Bereits 1721, unmittelbar nach dem Stadtbrand, begannen die Bauarbeiten für ein neues größeres Kirchengebäude, das 1723 eingeweiht wurde und mit dem vollständigen Inventar bis 1724 fertiggestellt war. Besonders unterstützte den Bau der damalige Osnabrücker Fürstbischof Ernst August II. von Braunschweig-Lüneburg. Der Steinmetz und Maurermeister Hermann Schmidinger aus Herford war maßgeblich am Neubau beteiligt.[1] Erster evangelischer Pfarrer an St. Petri war der zuvor an der katholischen Meller St.-Matthäus-Kirche wirkende Pastor Anton Seumenicht.
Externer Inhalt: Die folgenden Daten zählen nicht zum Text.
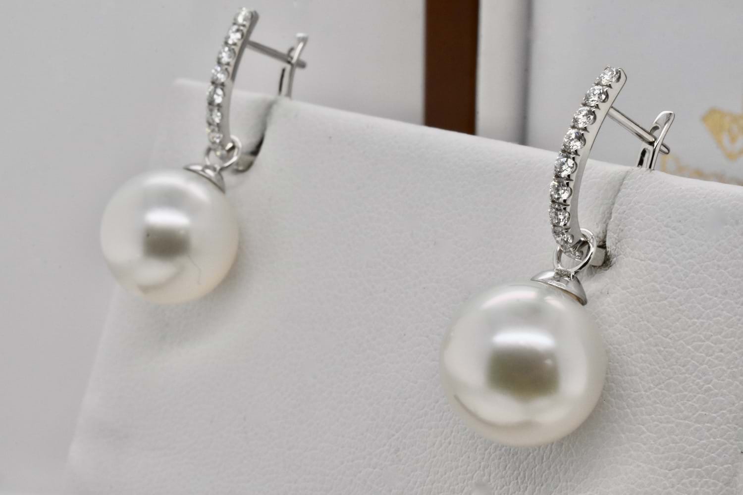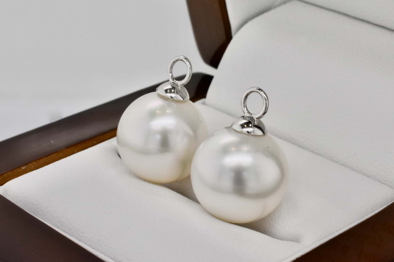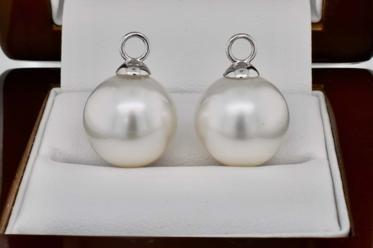 A simple and elegant pair of near round 13mm south sea pearls with 18ct white gold cap and ring fittings perfect to suspend from diamond huggies. Pearls independently graded as: near round pink white hue with good lustre, clean- very lightly blemished. Independent Valuation Supplied.
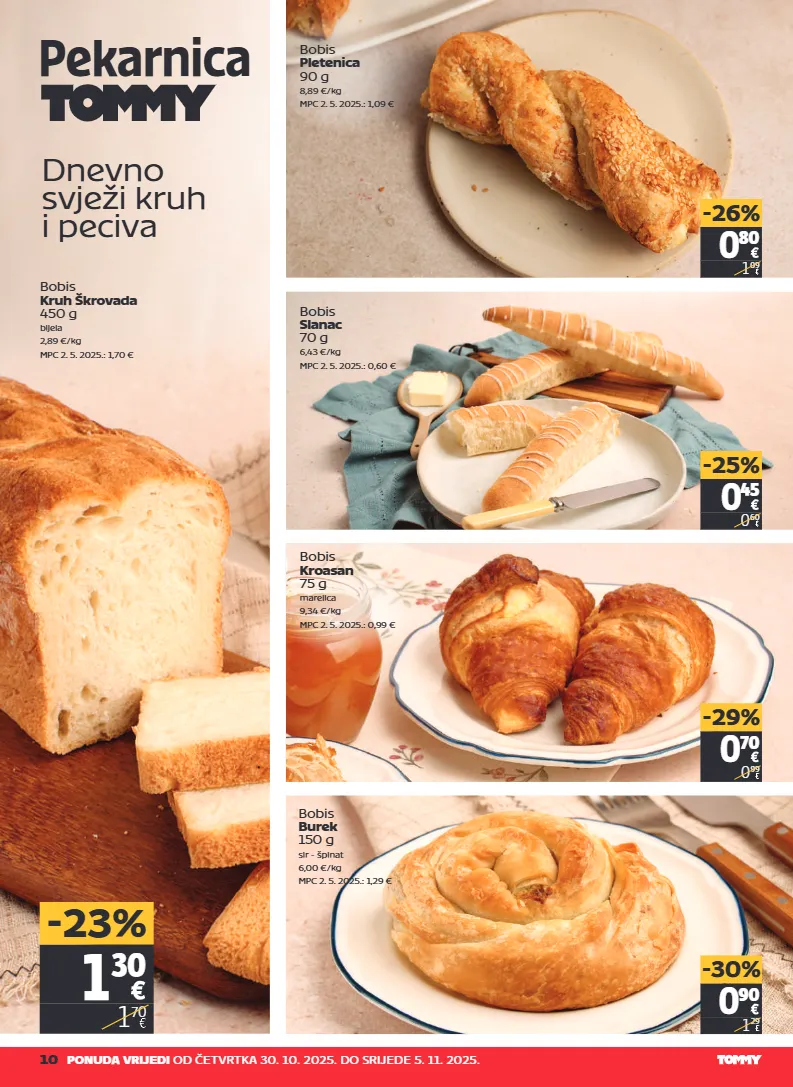 10 ponuda vrijedi od četvrtka 30. 10. 2025. do srijede 5. 11. 2025. pekarnica dnevno svježi kruh i peciva 0 70 0 99 -29% bobis burek 150 g sir - špinat 6,00 €/kg mpc 2. 5. 2025.: 1,29 € 0 90 1 29 -30% bobis slanac 70 g 6,43 €/kg mpc 2. 5. 2025.: 0,60 € 0 45 0 60 -25% bobis kruh škrovada 450 g bijela 2,89 €/kg mpc 2. 5. 2025.: 1,70 € 1 30 1 70 -23% bobis pletenica 90 g 8,89 €/kg mpc 2. 5. 2025.: 1,09 € 0 80 1 09 -26% bobis kroasan 75 g marelica 9,34 €/kg mpc 2. 5. 2025.: 0,99 €

Von 1992 bis 1994 wurde die Heizungsanlage renoviert. Die etwa 30 Jahre alte Heizungsanlage musste ausgetauscht werden, da sie der Orgel schadete, keine vernünftige Temperaturregelung erlaubte, ein störendes Gebläse hatte und teilweise mit gesundheitsschädlichem Asbest ausgekleidet war. Die Kosten für die neue Warmwasserheizung betrugen etwa 900 000 DM. Während der Bauarbeiten an der Fußbodenheizung wurde eine Gruft entdeckt. Dort wurden Friedrich Freiherr von Hammerstein, der sich während des Wiederaufbaus der Kirche sehr verdient gemacht hat, und seine Frau Sophie Charlotte Freiin von Chalon bestattet. Das Grab wurde wieder verschlossen. Zwei Monate nach Baubeginn wurden Risse in der Decke festgestellt. Diese wurden mit einer Edelstahlkonstruktion im Dachstuhl behoben und verursachten zusätzliche Kosten von 500 000 DM. Während der Renovierung bekamen die Bänke ihren heutigen hellen Anstrich. Am 18. Dezember 1994 wurde die Kirche wieder eingeweiht. Während der Renovierung fanden die Gottesdienste im Gemeindehaus, in der Paulus-Kirche oder der katholischen St.-Matthäus-Kirche statt.[2]

Architektur und Ausstattung[Bearbeiten | Quelltext bearbeiten]

Die Kirche ist eine dreischiffige Hallenkirche in gotisierenden Formen mit feingegliederten Pfeilern und einem Chor in Fünfachtelschluss. Der Westturm hat als Abschluss einen barocken Buckelhelm. Das Kircheninnere ist mit durchlaufenden Emporen und Adelslogen ausgestattet.

Das bemalte Gewölbe ist im Osnabrücker Raum singulär. Die Gewölbemalerei trägt das Wappen des Bauherrn Ernst August II. mit der Herzogswürde von York und Albany, die ihm von seinem Bruder König Georg I. von England verliehen wurde. Das vierpassige Wappen in Kartuschenrahmen mit Blüten und Fruchtgehängen ist von acht Engeln begleitet. Es zeigt den gespaltenen Wappenschild von England, gehalten von dem englischen Löwen und dem schottischen Einhorn. Ein weiteres Wappen im Gewölbe mit einer roten Pflugschar ist das Wappen des Osnabrücker Bischöflichen Geheimen Rats Jobst Itel von Vincke. Er war vom Landesherrn mit dem Wiederaufbau der Stadt Melle und der evangelischen Kirche beauftragt worden.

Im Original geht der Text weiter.